COLUMBIA, Ill. — Adam Stumpf doesn’t take the grain he harvests to an elevator. He brings it to his distillery.
The Monroe County, Illinois, native is finding success with a very unusual enterprise. He grows all of the grains used in making spirits, using a small portion of the family farm.
“We’re one of the few distilleries that grows every kernel of grain that we put in the bottle,” Stumpf said of his distillery, Stumpy’s Spirits.
Growth has exploded since he first opened his doors in July 2015. Weekly capacity has increased from four to 40 barrels. Each barrel — all made from Missouri white oak — holds about 53 gallons. From the beginning, Stumpf insisted on a self-sustaining strategy.
“When you put a commodity inside a commodity, you end up with a commodity,” he said. “With our own grains, we feel like we’re better able to innovate. I am the one who puts my butt in the tractor.”
Many distilleries advertised as locally sourced grow some of their grain, but few produce everything they use, he said. Stumpf rents 50 acres of his family’s 4,000-acre farm to grow corn, wheat, barley and rye. The grain is delivered right to the distillery, to an on-site cleaner.

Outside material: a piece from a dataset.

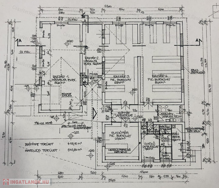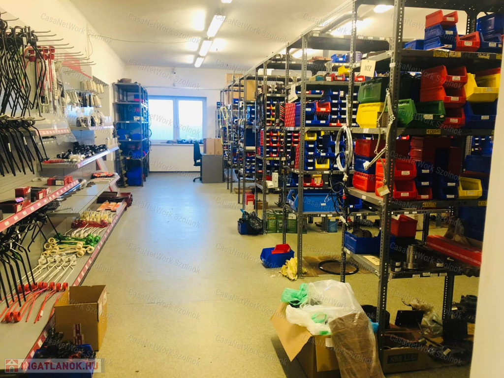 - helyiségek: 1., 2., 3., 4. jelű raktárak; személyzeti étkező, előtér, közlekedő, eladótér, szociális helyiségek, öltöző, fürdőszoba, 2 WC, kazánház

Whiskey, bourbon, vodka and gin are produced here, some of it flavored, such as the popular Pecan Pie Whiskey.
Stumpf grew up on the family farm, studied engineering in college and worked for a few years for Anheuser-Busch in St. Louis, a short trip across the Mississippi River from the eight-generation farm. He learned a lot about alcohol production there, but also credits the family farm as a learning laboratory.
“A lot of it was at home; I’m self-taught,” he said. “Among many generations of consumers, I’m the first generation of producers. I started out home-brewing beer. Working at Anheuser-Busch gave me a sound foundation of beer. There are a lot of parallels up to the point of distillation.”
There has also been a learning curve growing the grain that goes into his spirits. He grows yellow dent corn, but also a few heirloom varieties, such as Bloody Butcher and Jimmy Red.
“We spent five years finding grains that do well in the field and the distillery,” Stumpf said. “Barley and rye have been a bit of a challenge, because they’re not commonly grown in this area other than for feed. We’re very selective. We were really short on barley and rye the first year. We didn’t realize the challenge of buying seed.”
It took a few years to build up the seed bank for the heirloom corn varieties he grows.
He sends his barley off to Indiana or Michigan to have it malted. It would be less expensive to buy malted grain, but Stumpf is adamant about supplying his own. He will soon be doing his own malting on site, which he believes will make his the only distillery in the nation that grows all its own grain and malts its barley.
Stumpf credits his farming background for coming up with innovative ideas, such as repurposing a used olive oil bottling line to fill bottles of spirits.
“That’s the biggest thing I learned on the farm — how to adapt,” he said.
Most of Stumpy’s spirits are sold through distributors. They can be found as far north as the Wisconsin border and as far west as Kansas City. Spirits are also sold on location, as the distillery has become an agritourism destination.